Michèle Flournoy, former undersecretary of defense for policy, called the National Security Commission on Artificial Intelligence’s final report “probably the most important commission report since the 9/11 Commission” days after commissioners testified on the report before Congress. 

“I think they nailed it in terms of analyzing the importance of the United States stepping up to compete in AI both for the commercial, economic applications and what that means for our competitiveness economically around the world, but also because of the potential military applications,” Flournoy said during a Tuesday Center for New American Security webinar.  

Other experts, industry representatives and lawmakers also applauded the effort as well as some of the report’s key recommendations, which were approved March 1. Commissioners testified on the report before Congress March 12. But critical questions around legal limits on government use of AI were left unanswered, according to a privacy expert who has followed the commission’s work since it was created. 

Two industry experts—Booz Allen’s Steve Escaravage and Deloitte’s Ed Van Buren—emphasized the importance of the report in email statements shared with Nextgov

“While the United States has enjoyed technology leadership in other areas, we’ll quickly fall behind if action is not taken to heed the call plainly made in [the] final report from the National Security Commission on Artificial Intelligence,” Steve Escaravage, who leads Booz Allen’s analytics practice and AI services business, said. “I was most struck by the report’s sobering call that our military may lose ‘military-technical superiority’ in a relatively short time if we do not alter course.”

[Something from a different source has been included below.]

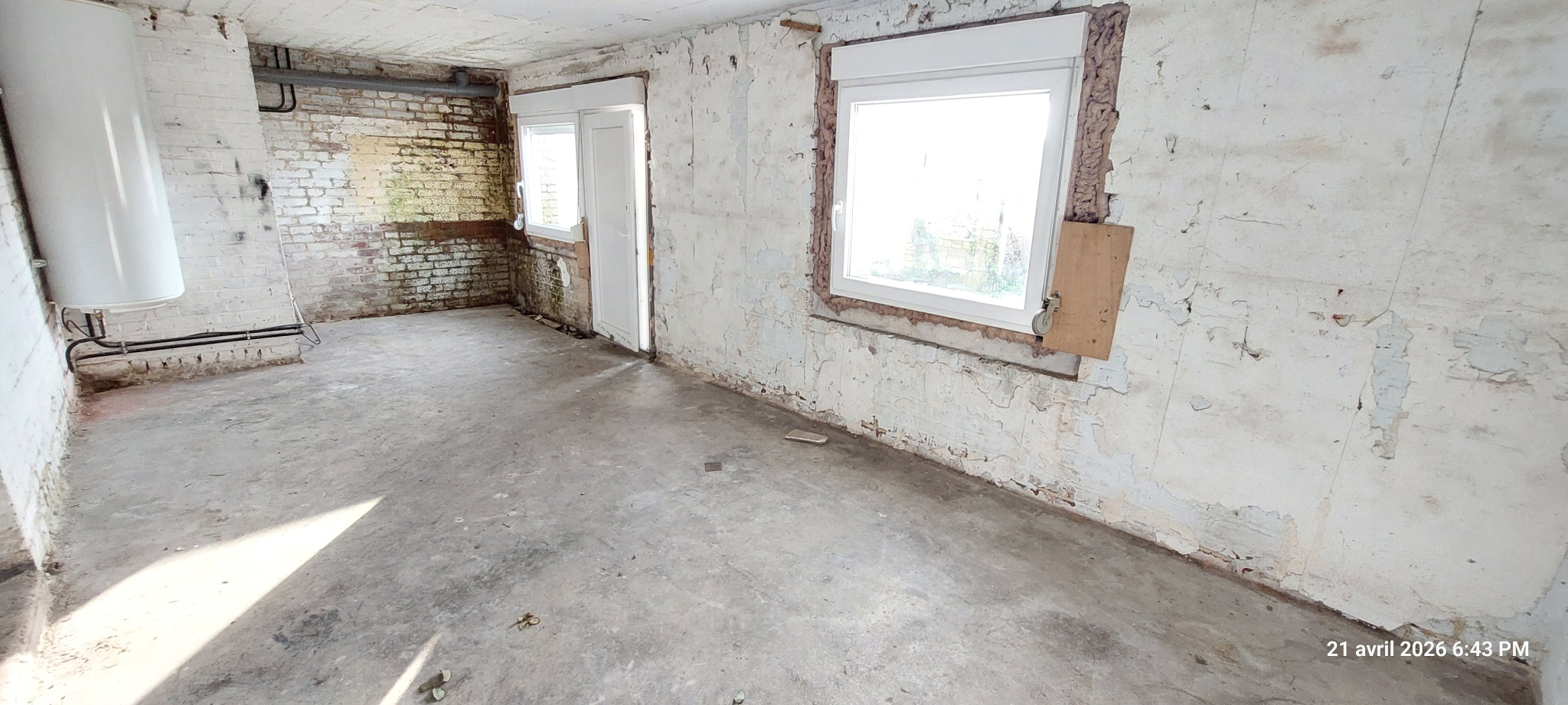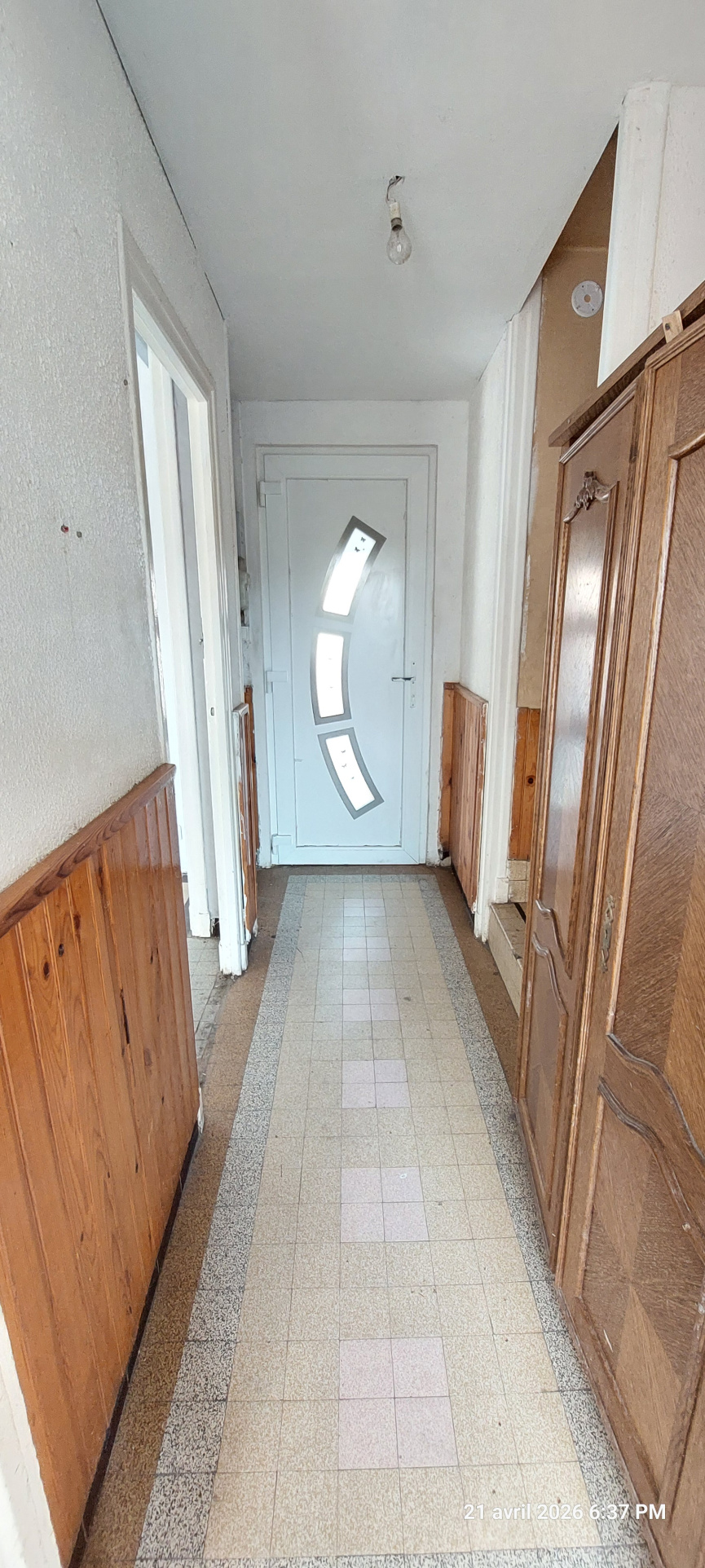Située à proximité de CAMBRAI, dans un secteur calme et proche des commerces, maison mitoyenne en briques de 71 m2 à conforter comprenant :
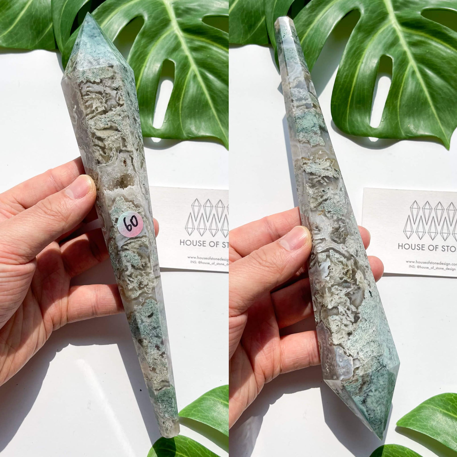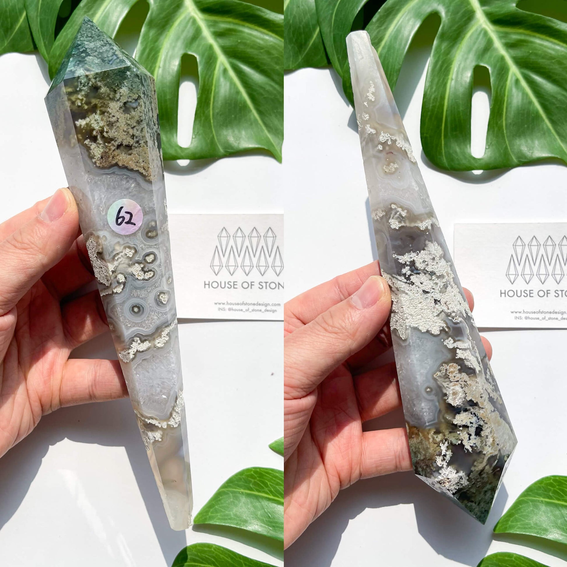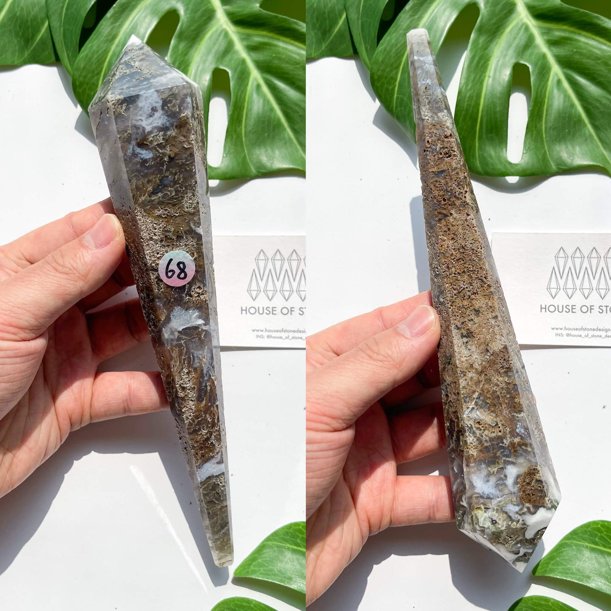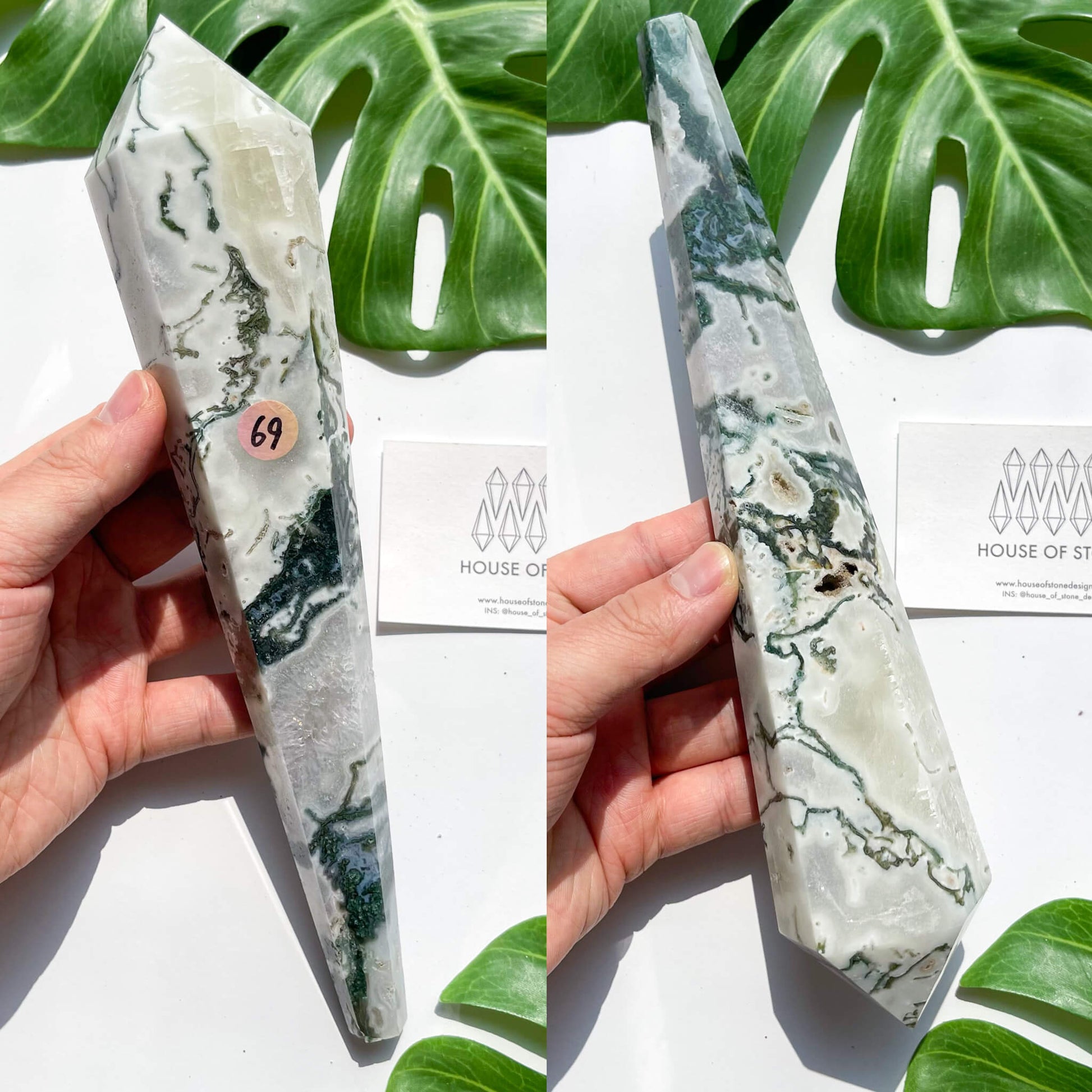 Natural Moss Agate Wand/Druzy Moss Agate Crystal Point Wand/Moss Agate Crystal Handle/Moss Agate Stem/Wedding Bouquet Handle/Heart Chakra Healing/AAA

Van Buren, who is executive director of Deloitte’s newly established Deloitte Artificial Intelligence Institute for Government, said it is critical to commit resources and talent to AI. 

“The recommendations in this report, including the establishment of a National Technology Foundation, serve as guiding light for how to propel US innovation around leading-edge technologies,” Van Buren said. 

Experts also made sure to voice support for strong ethical AI standards: Flournoy said the U.S. and its allies must ensure ethical principles and international standards are established, while Escaravage called for an “intense focus on an ethical approach."

John Davisson, senior counsel with the Electronic Privacy Information Center, which successfully sued NSCAI to enforce compliance with Freedom of Information Act and Federal Advisory Committee Act transparency obligations, highlighted several of the commission’s recommendations as important safeguards in this area. In an interview with Nextgov, Davisson said the recommendation to mandate AI risk assessments, similar to privacy impact assessments, is one of the most important reforms in the report. 

Davisson also agreed with the call to update privacy impact assessment standards because of what he called the “wildly divergent” compliance with requirements currently displayed across federal agencies as well as the recommendation to strengthen the Privacy and Civil Liberties Oversight Board.

But Davission called the way the Commission handled the issues of limits on government use of AI and human rights disappointing. Rep. James Langevin, D-R.I., chairman of the House Armed Services Subcommittee on cyber, innovative technologies, and information systems, highlighted ethics during his opening statement at Friday’s hearing. 

“Above all, the commission has crucial recommendations related to building and deploying AI in an ethical manner that is respectful of human rights,” Langevin said at the hearing, which was held jointly with House Oversight and Reform’s national security subcommittee. “Indeed, that last category is what sets our nation apart.” 

But on a commission heavily featuring industry voices from companies like Oracle, Microsoft, Google, and Amazon Web Services, Davisson said more human rights voices and representatives of civil society should have been included. While private industry deserves a voice, NSCAI’s report goes beyond aligning Defense Department needs with the defense industrial base, he said. 

“It's an issue of regulating AI use that will affect everyone, and so it's important for there to be representatives of the public arguing for strong limitations on AI use on a body like that,” Davisson said. 

It’s not that industry and technologists don’t support the need for transparency, fairness, reliability and accuracy, Davisson said, it’s just that there is a lot of disagreement about what those terms mean. 

NSCAI deferred taking a stance on a critical issue for establishing a framework for how the government uses AI as well, Davisson said: Rather than recommending legal limits on government use of AI, the commission called for the president or Congress to mandate the establishment of a separate task force to ensure “AI and associated data in U.S. government operations comport with U.S. law and values,” according to the report. 

The commission recommends the task force conduct an assessment on the privacy, civil rights, and civil liberties implications of AI and emerging technologies as well as recommend legislation and regulations for areas including when the government should publish AI risk and privacy assessments, standards for federal government’s use of biometric technologies, and government procurements of AI products, among others. 

“We certainly argue and have argued many times that binding restrictions on AI use are critical and that any AI framework that doesn't include them really isn't worth the paper it's written on,” Davisson said. “So it's in one sense good that they have recommended this task force in another sense, this was really part of the AI Commission's mandate. In many respects, they're just sort of taking it down to the next advisory body, which was disappointing.”